Safe Light
By Janelle Lynch
November 30, 2024
Safe Light, lyric essay published with silver gelatin photograph.
The Ekphrastic Review, Toronto, Canada,
I am curious how one color can mean opposing things: safe and sorry. How it can be a signal to stop and one to go. How it can mean the unfathomable. Amber was introduced as a safelight in a Paris darkroom in 1841. Later, on the street between red and green in Detroit in 1920. And as an alert nationwide in 1996 after the death of a girl. In the Stone Age, amber was a gem.

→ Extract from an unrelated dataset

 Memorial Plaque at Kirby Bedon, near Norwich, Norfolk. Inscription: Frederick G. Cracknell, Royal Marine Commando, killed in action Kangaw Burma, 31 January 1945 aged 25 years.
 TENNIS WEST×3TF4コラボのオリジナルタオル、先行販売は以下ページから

I am ten today and at my party receive the gift of my mother’s presence and from her a camera wrapped with ribbon. What surprises me more? I hold the black plastic box, slide open the lens cover and start to take snapshots like my grandfather did before he died when I was four. In them, my uncle grins, my aunt glowers. My cousins gaze uncertain from their bikes. Kids aren’t supposed to have cameras in Jamestown. My Nana, in profile: the line of her back repeats that of her hair, curved from a visit to Carm’s for the occasion.

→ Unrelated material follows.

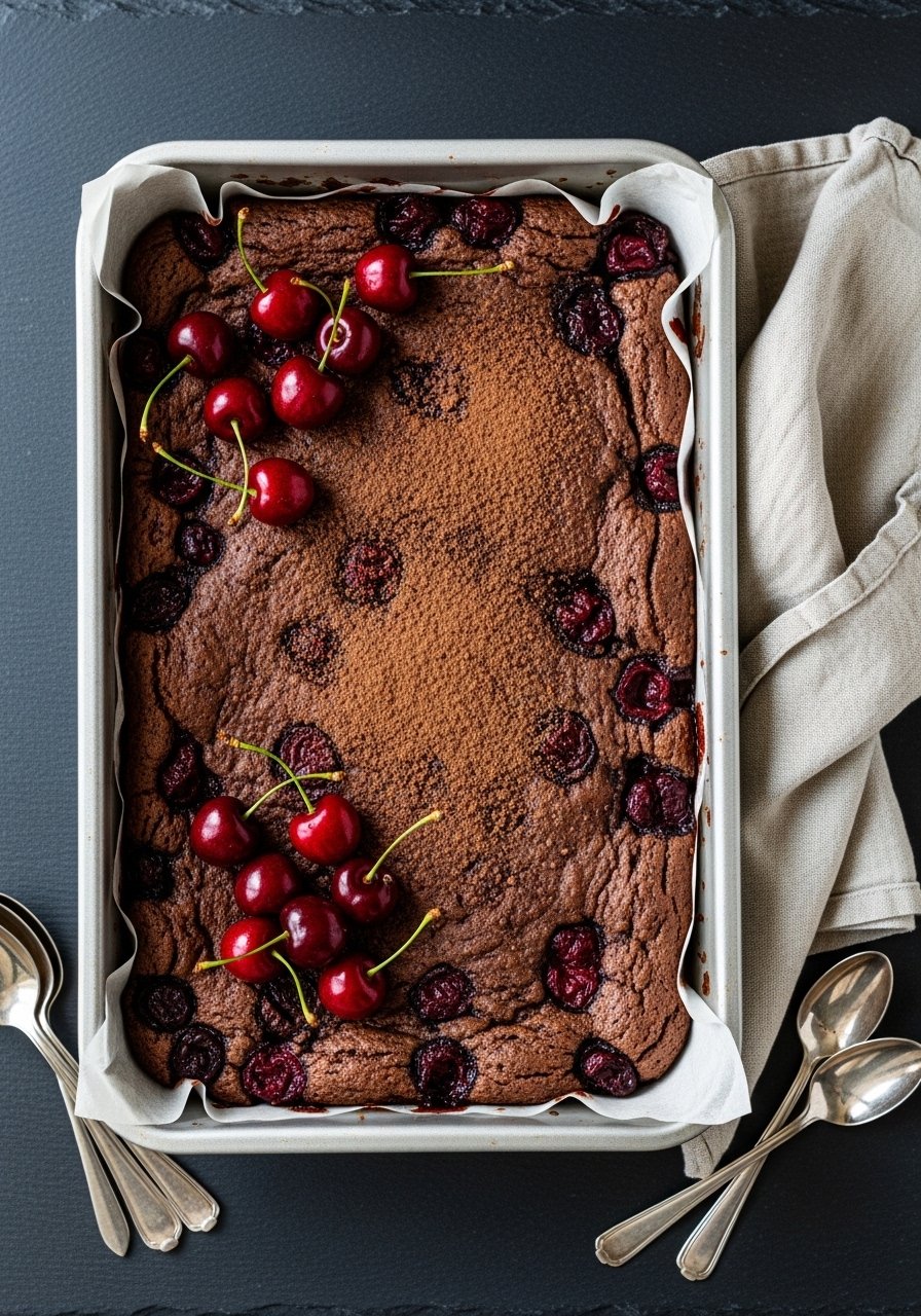 Tart cherries cut through the richness here, giving bright pops against molten chocolate. The filling is jammy and glossy, and the cake topping crisps up into sweet shards. This version is perfect for summer picnics or holiday dessert tables.

I am in a crowd of strangers in a darkroom lit by warm light. Big black machines lurch on the perimeter, each in its own station. My peers’ skin, the color of death. Standing corpses around a stainless steel sink of trays and tongs. Is anyone as afraid as I am? Numbers and timers, mixtures and math. What are ratios, anyway? Long ago I was told I couldn’t learn. I want to, but leave with a list of materials I can’t afford. Why don’t you become a secretary? I hear my grandmother’s voice from years before in the whirl of the revolving door. It follows me onto the New York City streets. How will you live?
I am in the spotlight on stage, a master of something after just two years. The audience is full and empty. What I know is that I barely know a thing. What I know is that I needed my name in calligraphic letters to lay claim to who I already was. To show the results of a hearing test. That I listened to myself. A license on bond paper. Textured and vulnerable. But safe to proceed.
I am standing in safety underneath an amber light that in this small space means go not slow. The chemistry is intoxicating. I want to inhale it, drink it, bathe myself in it as a homecoming celebration in this Oklahoman home far from home where I belong and don’t belong and where I’ve been born a photographer all over again. A lone wolf teaching photography in Lone Wolf.